• MATERIAL PROVIDED
────────────────────────────────────────

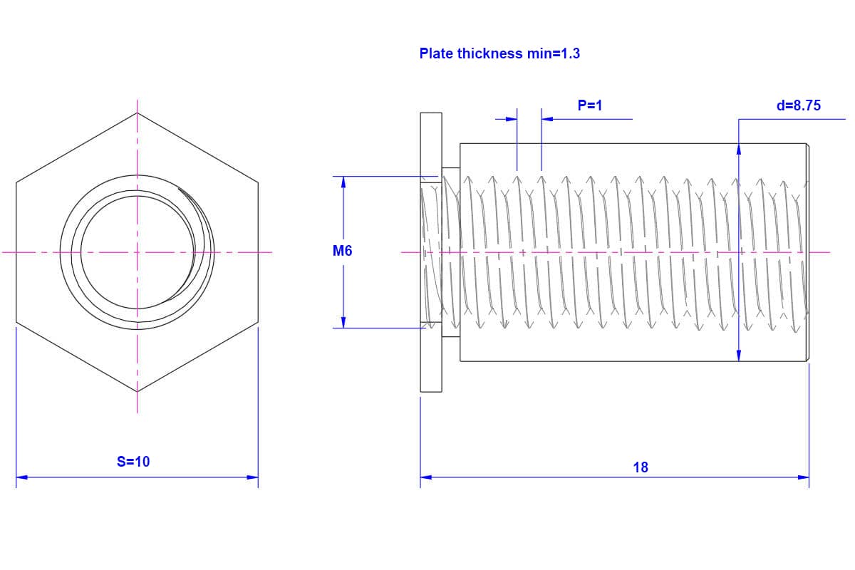 M6X18mm – White Zinc – Flat Head Hexagonal Self-Clinching Nut
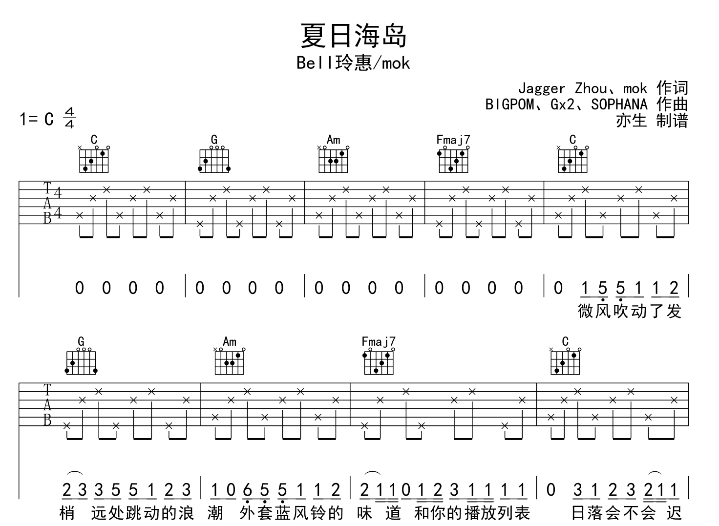 夏日海岛吉他谱 - Bell玲惠/mok - C调吉他弹唱谱 - 原版
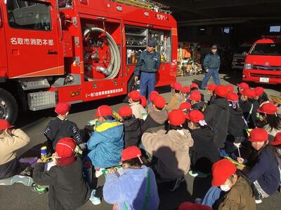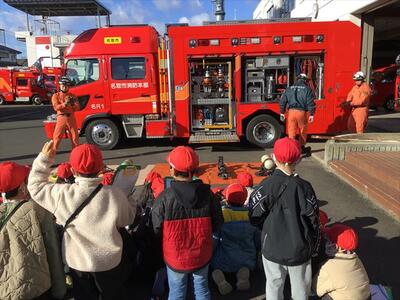 社会科の「火事からくらしを守る」の学習で、名取市消防署へ校外学習に行きました。

────────────────────────────────────────

• EXERCISE REQUIREMENTS
Please repeat every line from the listing above exactly as it appears. Drop the pictures.

• ANSWER SECTION
 M6X18mm – White Zinc – Flat Head Hexagonal Self-Clinching Nut
 夏日海岛吉他谱 - Bell玲惠/mok - C调吉他弹唱谱 - 原版
 社会科の「火事からくらしを守る」の学習で、名取市消防署へ校外学習に行きました。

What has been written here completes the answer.